Project-URL: Homepage, https://github.com/forestry-labs/Rforestry#readme
Classifier: License :: OSI Approved :: MIT License
Classifier: Programming Language :: Python
Classifier: Programming Language :: Python :: 3
Requires-Python: >=3.8
Description-Content-Type: text/markdown
Provides-Extra: dev
Provides-Extra: test
License-File: LICENSE

[![R-CMD-check](https://github.com/forestry-labs/Rforestry/actions/workflows/check-noncontainerized.yaml/badge.svg)](https://github.com/forestry-labs/Rforestry/actions/workflows/check-noncontainerized.yaml)

## This is an experimental fork of Rforestry, for the package repo, see (https://github.com/forestry-labs/Rforestry)

## Rforestry: Random Forests, Linear Trees, and Gradient Boosting for Inference and Interpretability

Sören Künzel, Theo Saarinen, Simon Walter, Sam Antonyan, Edward Liu, Allen Tang, Jasjeet Sekhon


## Introduction

Rforestry is a fast implementation of Honest Random Forests, Gradient Boosting,
and Linear Random Forests, with an emphasis on inference and interpretability.
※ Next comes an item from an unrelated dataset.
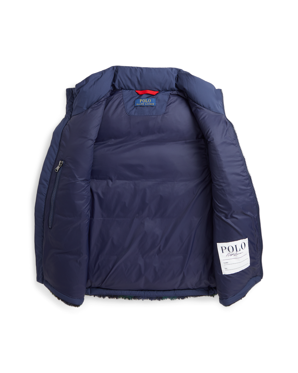 这款马甲选用格纹面料制成,填充蓬松度为 650 的羽绒,饰有标志性小马刺绣,彰显经典风格

## How to install - R Package
1. The GFortran compiler has to be up to date. GFortran Binaries can be found [here](https://gcc.gnu.org/wiki/GFortranBinaries).
2. The [devtools](https://github.com/r-lib/devtools) package has to be installed. You can install it using,  `install.packages("devtools")`.
3. The package contains compiled code, and you must have a development environment to install the development version. You can use `devtools::has_devel()` to check whether you do. If no development environment exists, Windows users download and install [Rtools](https://cran.r-project.org/bin/windows/Rtools/) and macOS users download and install [Xcode](https://apps.apple.com/us/app/xcode/id497799835).
4. The latest development version can then be installed using
`devtools::install_github("forestry-labs/Rforestry")`. For Windows users, you'll need to skip 64-bit compilation `devtools::install_github("forestry-labs/Rforestry", INSTALL_opts = c('--no-multiarch'))` due to an outstanding gcc issue.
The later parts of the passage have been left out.